Using simple callback function has disadvantage, that it is called repeatedly and the callback function cannot easily keep context between calls.

Following code defines process_chunks generator, which will be able receiving chunks of data one by one and processing them. In contrast to simple callback, here we are able to keep all the processing within one function without losing context.

from contextlib import closing
from itertools import count


def main():
    processed = []

    def process_chunks():
        for i in count():
            try:
                # (repeatedly) get the chunk to process
                chunk = yield
            except GeneratorExit:
                # finish_up
                print("Finishing up.")
                return
            else:
                # Here process the chunk as you like
                print("inside coroutine, processing chunk:", i, chunk)
                product = "processed({i}): {chunk}".format(i=i, chunk=chunk)
                processed.append(product)

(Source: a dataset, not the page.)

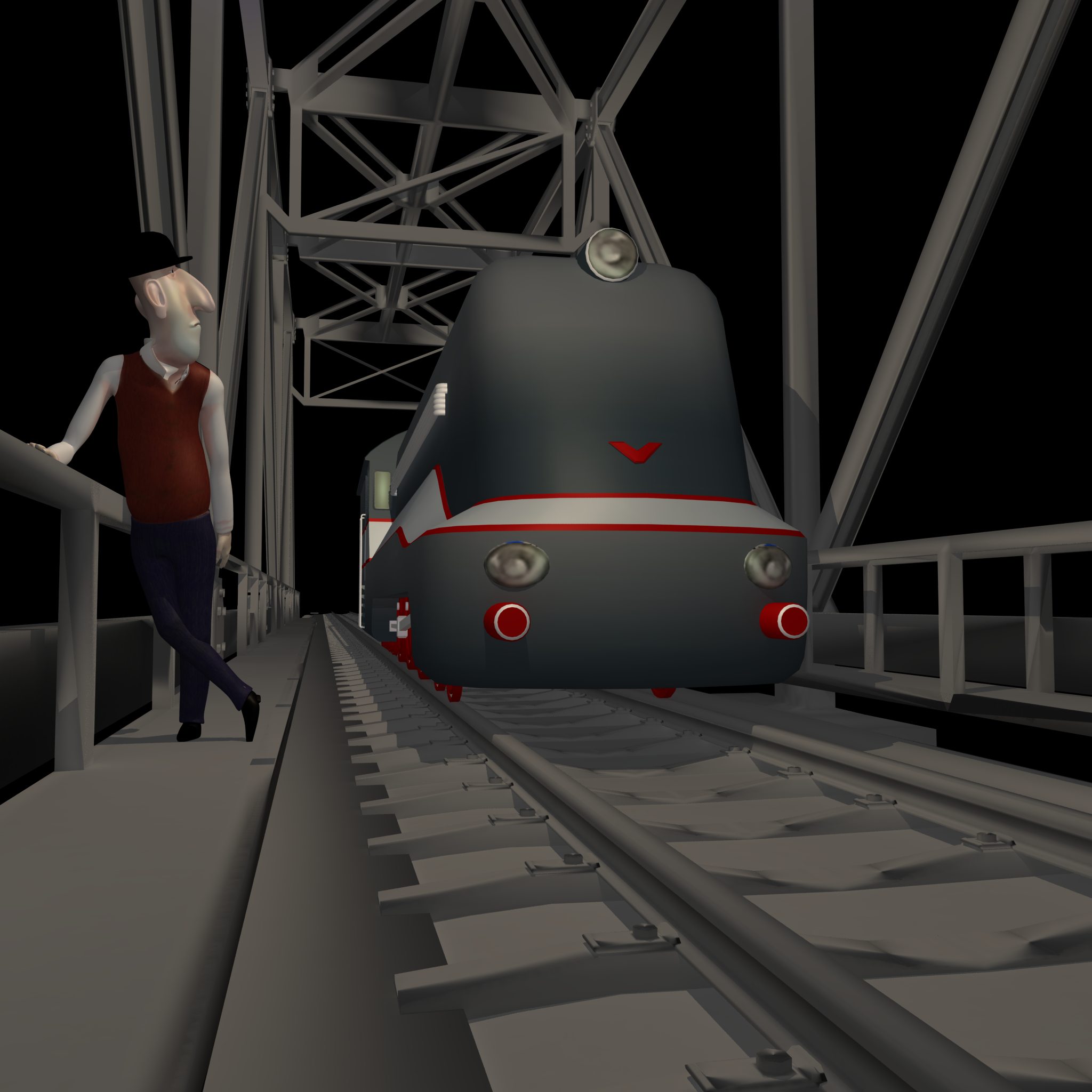 "Pinson rebuilds the equipment and finds new ways to enter the ocean by train using long ramps on the shore.Pinson, an anthropologist, is the unique heir of the family of railraoad owners who organized a network of underground railroads that could support time travel." + More illustrations.

    with closing(process_chunks()) as coroutine:
        # Get the coroutine to the first yield
        coroutine.next()
        ftp = FakeFtp()
        # next line repeatedly calls `coroutine.send(data)`
        ftp.retrbinary("RETR binary", cb=coroutine.send)
        # each callback "jumps" to `yield` line in `process_chunks`

    print("processed result", processed)
    print("DONE")

To see the code in action, put the FakeFtp class, the code shown above and following line:

main()

into one file and call it:

$ python headsandtails.py
('inside coroutine, processing chunk:', 0, 'aaa')
('inside coroutine, processing chunk:', 1, 'bbb')
('inside coroutine, processing chunk:', 2, 'ccc')
('inside coroutine, processing chunk:', 3, 'ddd')
Finishing up.
('processed result', ['processed(0): aaa', 'processed(1): bbb', 'processed(2): ccc', 'processed(3): ddd'])
DONE

How it works

processed = [] is here just to show, the generator process_chunks shall have no problems to cooperate with its external context. All is wrapped into def main(): to prove, there is no need to use global variables.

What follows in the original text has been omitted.